> WHAT THE EXERCISE ASKS: Exact reproduction is required for the lines below starting at the line with "Cierva C.19 in" and ending at the line with "యాతగిరి శ్రీరామ నరసింహారావు, వ్యాసం లొకి", both included. No other lines, and no pictures.

> DATASET RECORDS:
======
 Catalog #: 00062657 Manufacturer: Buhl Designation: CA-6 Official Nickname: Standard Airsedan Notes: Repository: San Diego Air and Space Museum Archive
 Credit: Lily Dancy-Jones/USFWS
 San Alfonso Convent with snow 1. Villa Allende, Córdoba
======
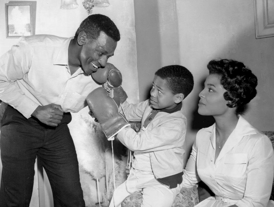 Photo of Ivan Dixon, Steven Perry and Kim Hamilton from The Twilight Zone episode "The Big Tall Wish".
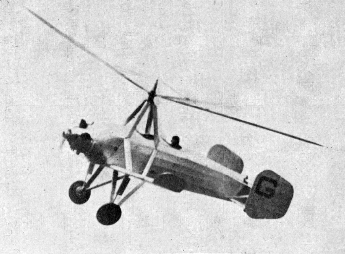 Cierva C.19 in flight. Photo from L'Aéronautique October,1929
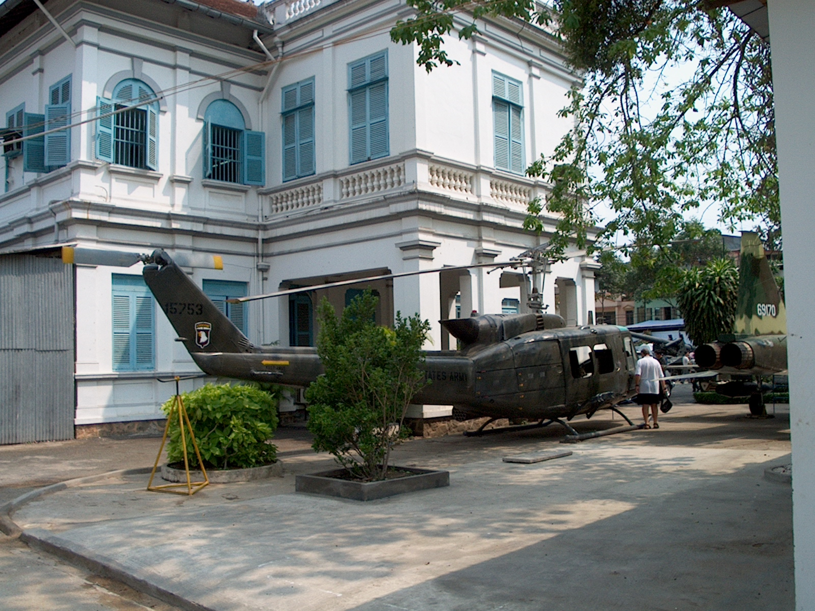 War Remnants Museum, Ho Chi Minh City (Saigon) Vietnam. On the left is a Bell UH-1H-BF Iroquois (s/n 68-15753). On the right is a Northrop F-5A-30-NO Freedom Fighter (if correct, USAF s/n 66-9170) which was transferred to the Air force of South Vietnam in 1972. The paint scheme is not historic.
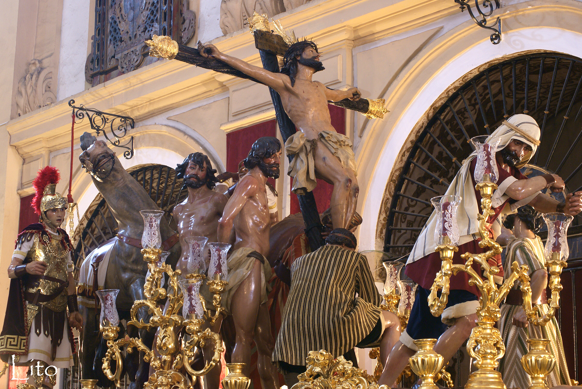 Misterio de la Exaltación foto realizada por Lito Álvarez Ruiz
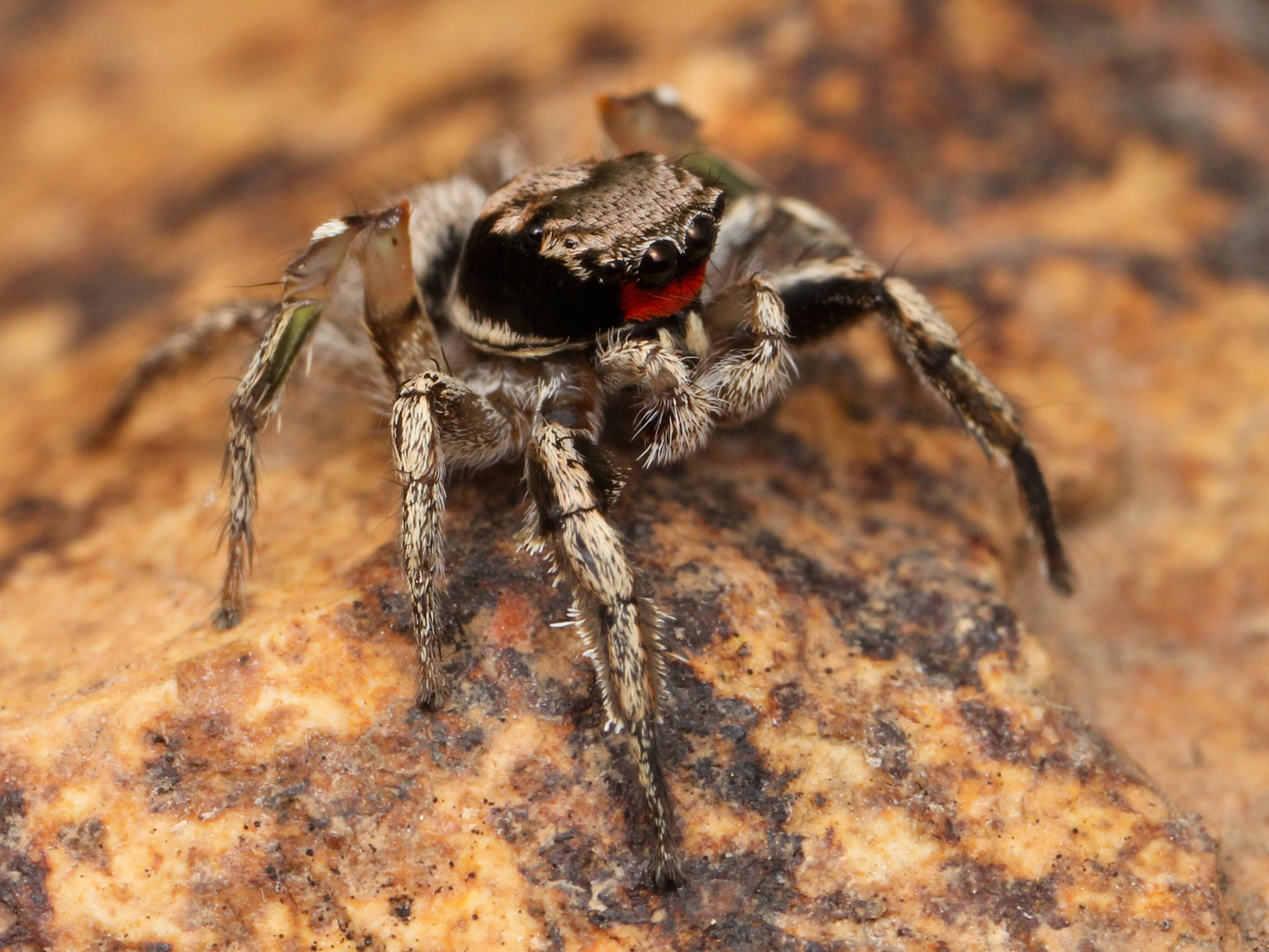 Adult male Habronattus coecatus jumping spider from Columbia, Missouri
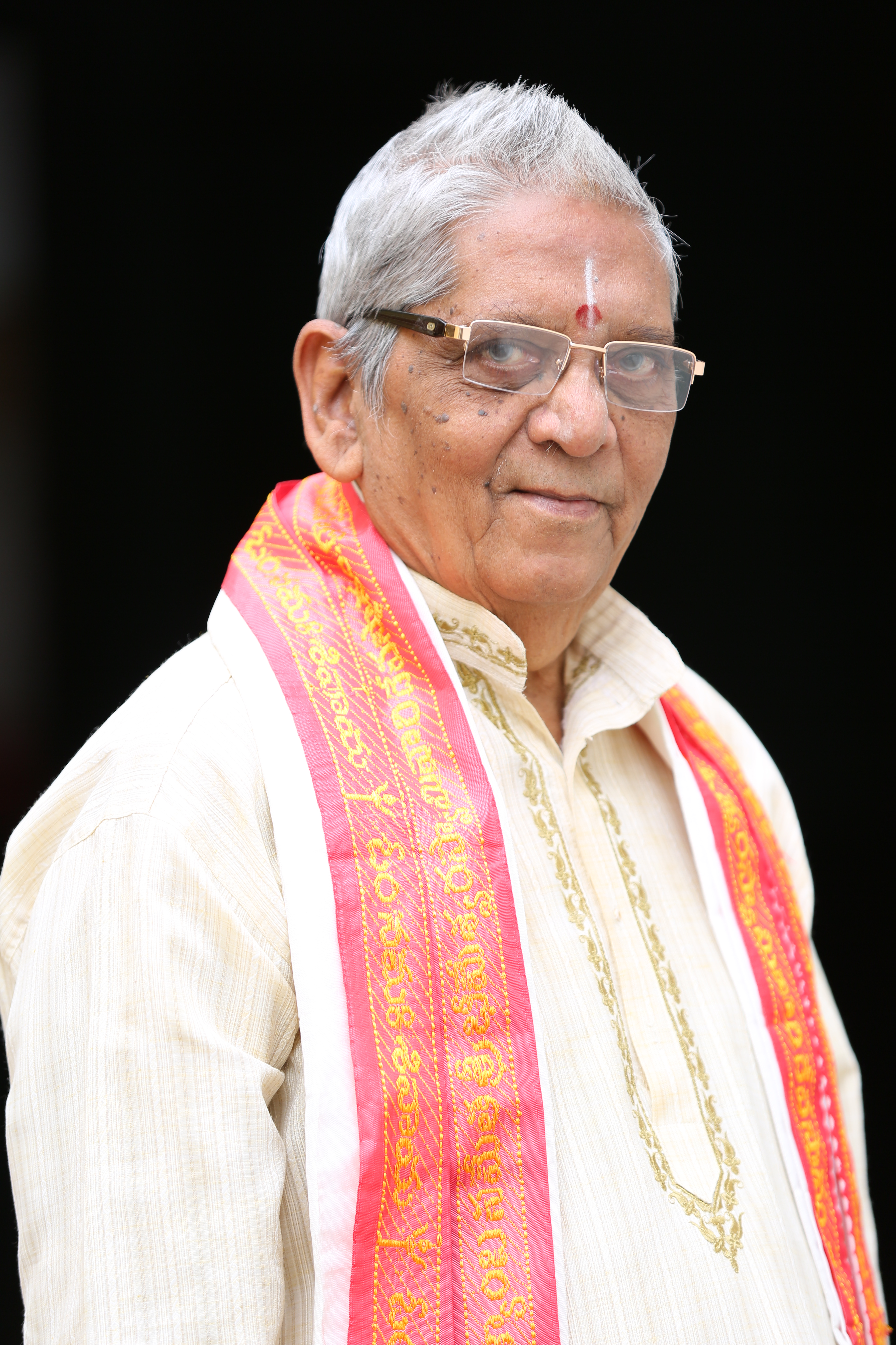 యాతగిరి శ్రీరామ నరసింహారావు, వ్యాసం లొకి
======
> SOLUTION TO THE PROBLEM:
 Cierva C.19 in flight. Photo from L'Aéronautique October,1929
 War Remnants Museum, Ho Chi Minh City (Saigon) Vietnam. On the left is a Bell UH-1H-BF Iroquois (s/n 68-15753). On the right is a Northrop F-5A-30-NO Freedom Fighter (if correct, USAF s/n 66-9170) which was transferred to the Air force of South Vietnam in 1972. The paint scheme is not historic.
 Misterio de la Exaltación foto realizada por Lito Álvarez Ruiz
 Adult male Habronattus coecatus jumping spider from Columbia, Missouri
 యాతగిరి శ్రీరామ నరసింహారావు, వ్యాసం లొకి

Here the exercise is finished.